What the task requires | Retype the listing below line for line, but only from the line with "講師を招き、簡単にできるお家" down to the line with "After that, you", inclusive. Pictures stay out.
========
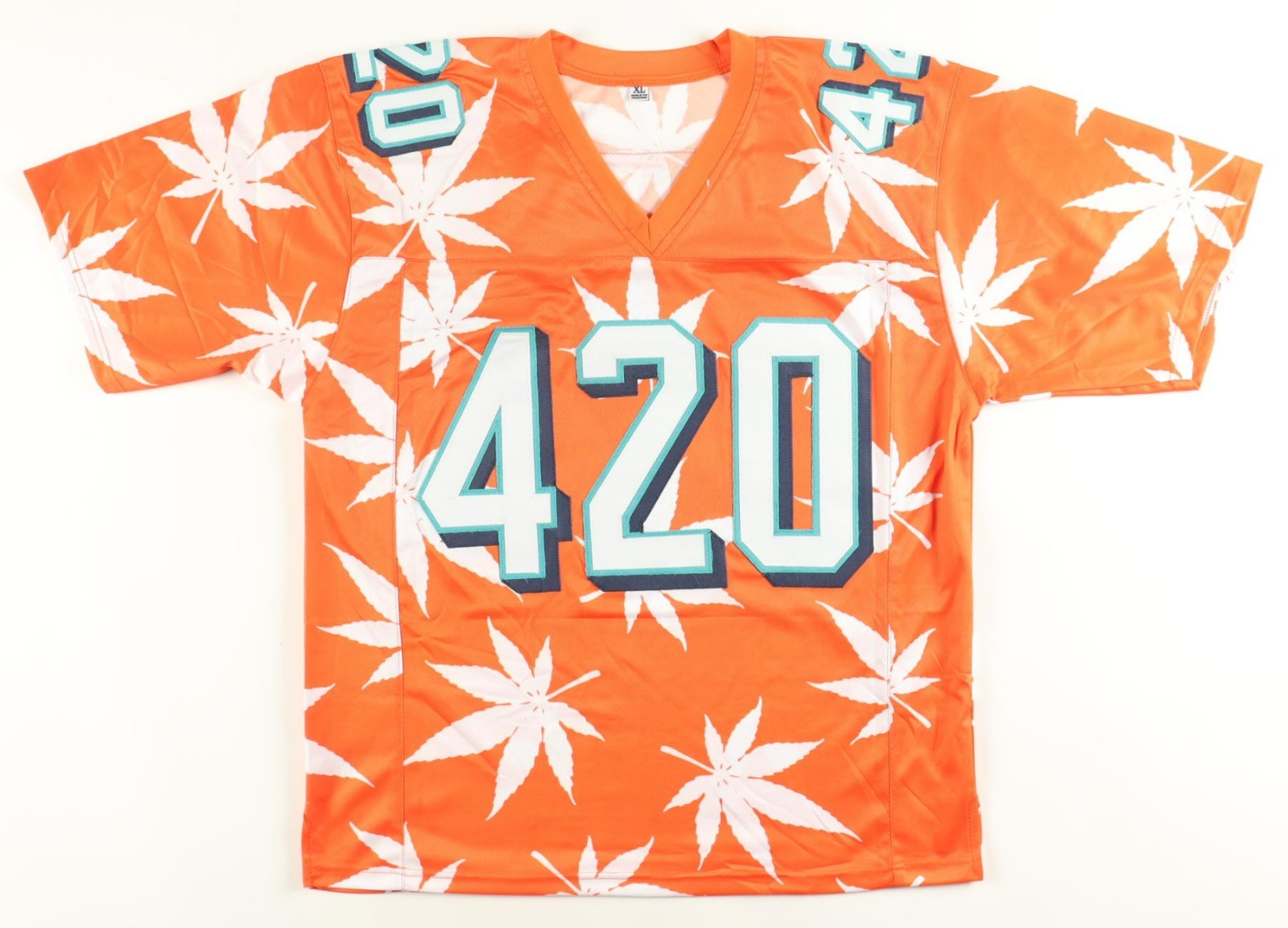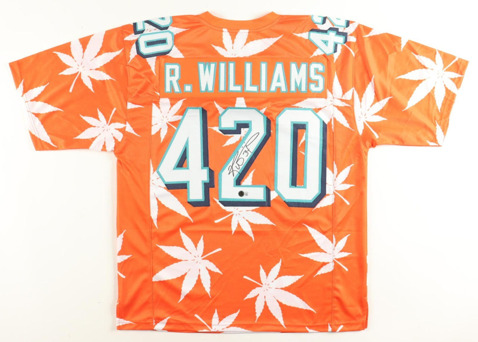 Ricky Williams Signed Miami Dolphins Orange Weed Print 420 Jersey (Beckett) R.B.
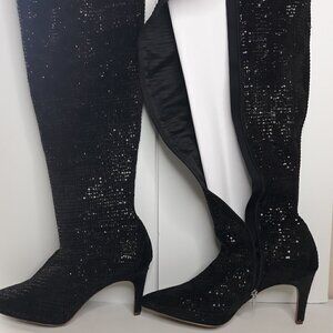 NWOT Eloquii Sequin Amelia Over the Knee Black Heeled Boots 12W
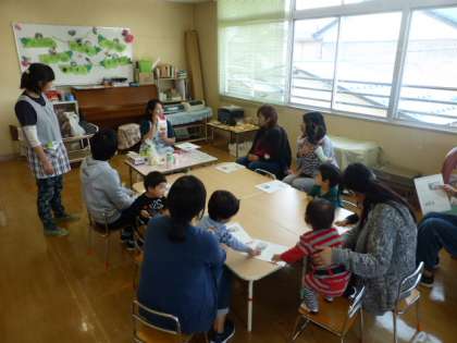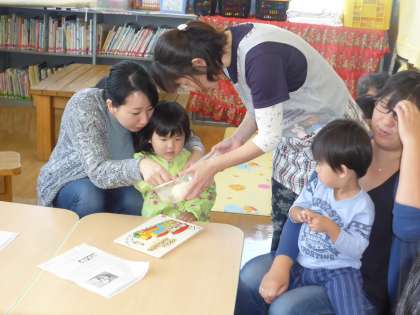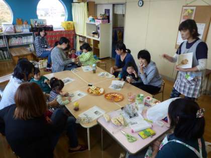 講師を招き、簡単にできるお家パンづくりをしました。講師から材料やつくり方を教えてもらい、実際にこねたばかりの生地と発酵させた生地の両方を触ってみました。子供たちやお家の方々は、「おばけナン」や「かぼちゃパ」など優しい味のパンを食べてみました。身近な材料でしかも無添加で、簡単につくることができ、お母さんたちに好評でした。来週は、県総合運動公園までお散歩に出かけます。
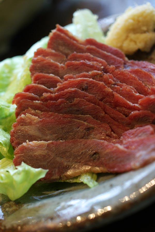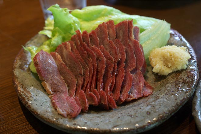 しょうがのすりおろしを桜肉に乗せて、くるっと巻いて、ちょっとタレにつけていただきます。
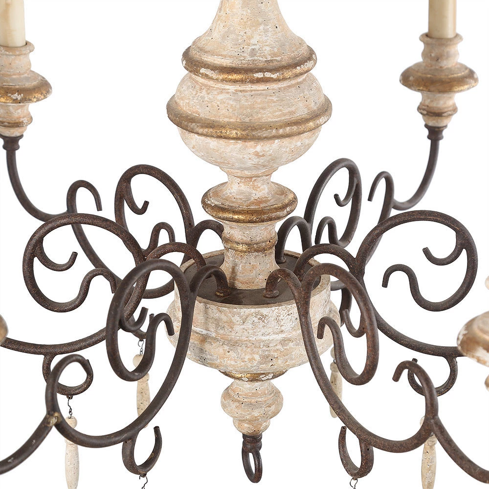 Defined by its classic candle-style silhouette, this six-light french country chandelier brings elegant appeal to your home.Six curving rusty iron arms radiating from a spindle-shaped wood body in an antique white finish, and traditional candle covers create a vintage-look chandelier.
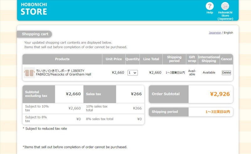 After that, you can proceed like your normal Hobonichi Store purchases! (Please note that some of the texts in the Hobonichi Store page will be written in Japanese)
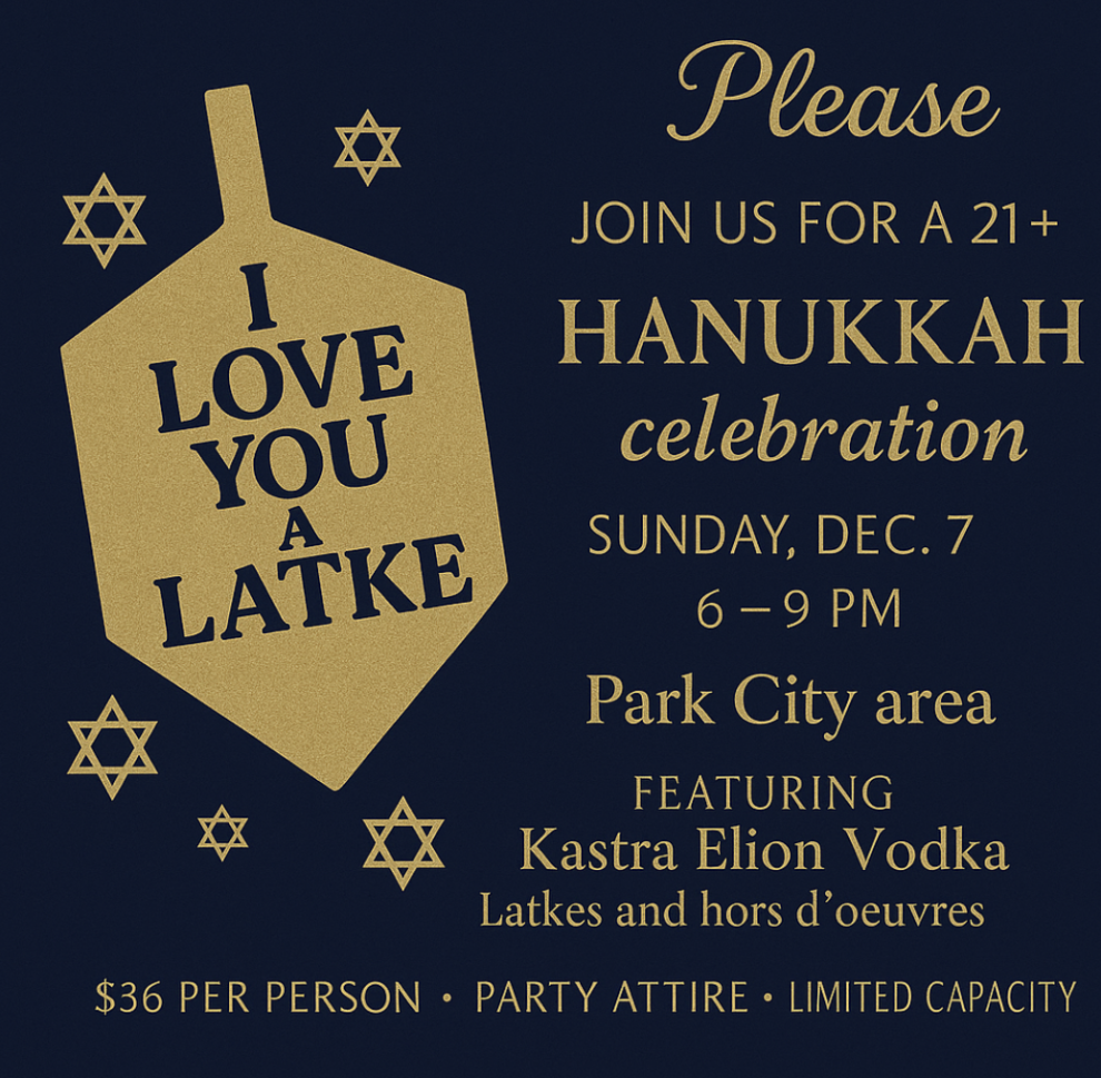 Hanukkah Celebration (21+ event): December 7, 6-9 PM. Park City area (location shared after registration).
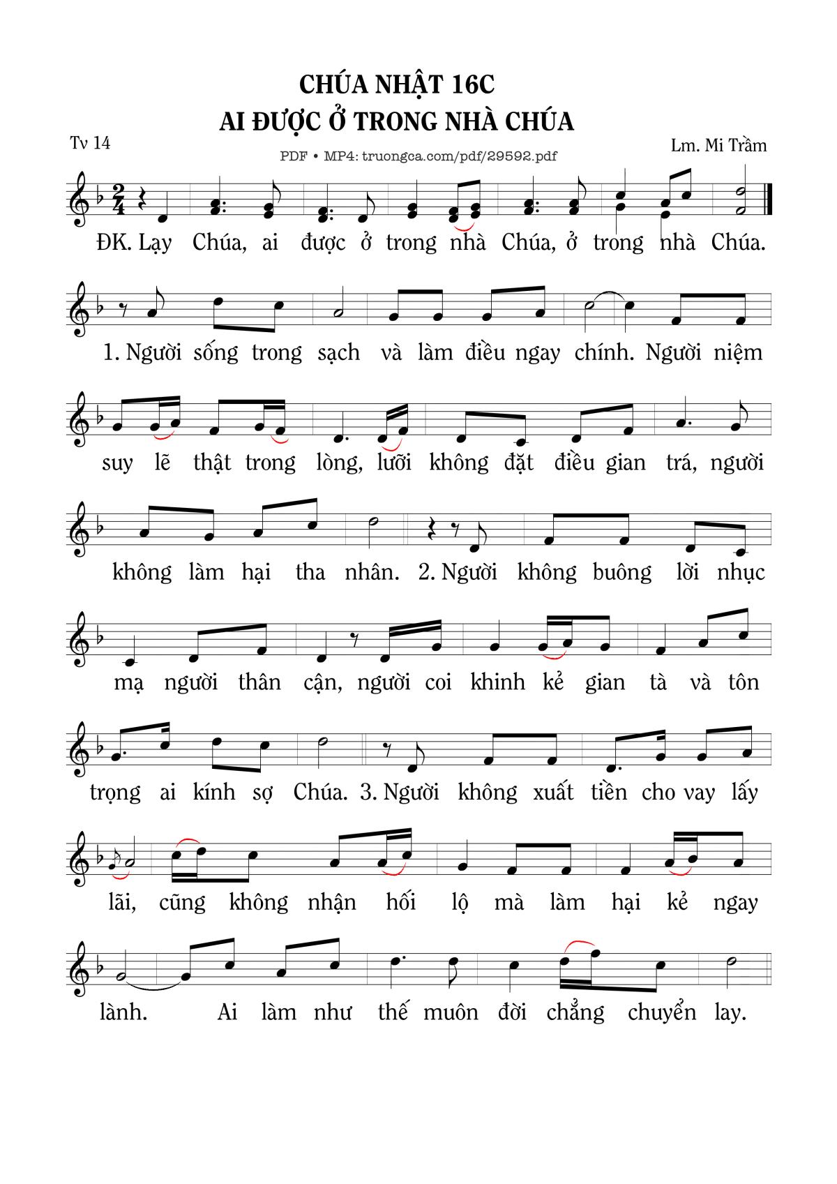 Mi Trầm Lạy Chúa ai đượcở trong nhà Chúa ở trong nhà Chúa [PDF] [Sheet] [Lyrics] [Mp4/Midi]
========
Output |
 講師を招き、簡単にできるお家パンづくりをしました。講師から材料やつくり方を教えてもらい、実際にこねたばかりの生地と発酵させた生地の両方を触ってみました。子供たちやお家の方々は、「おばけナン」や「かぼちゃパ」など優しい味のパンを食べてみました。身近な材料でしかも無添加で、簡単につくることができ、お母さんたちに好評でした。来週は、県総合運動公園までお散歩に出かけます。
 しょうがのすりおろしを桜肉に乗せて、くるっと巻いて、ちょっとタレにつけていただきます。
 Defined by its classic candle-style silhouette, this six-light french country chandelier brings elegant appeal to your home.Six curving rusty iron arms radiating from a spindle-shaped wood body in an antique white finish, and traditional candle covers create a vintage-look chandelier.
 After that, you can proceed like your normal Hobonichi Store purchases! (Please note that some of the texts in the Hobonichi Store page will be written in Japanese)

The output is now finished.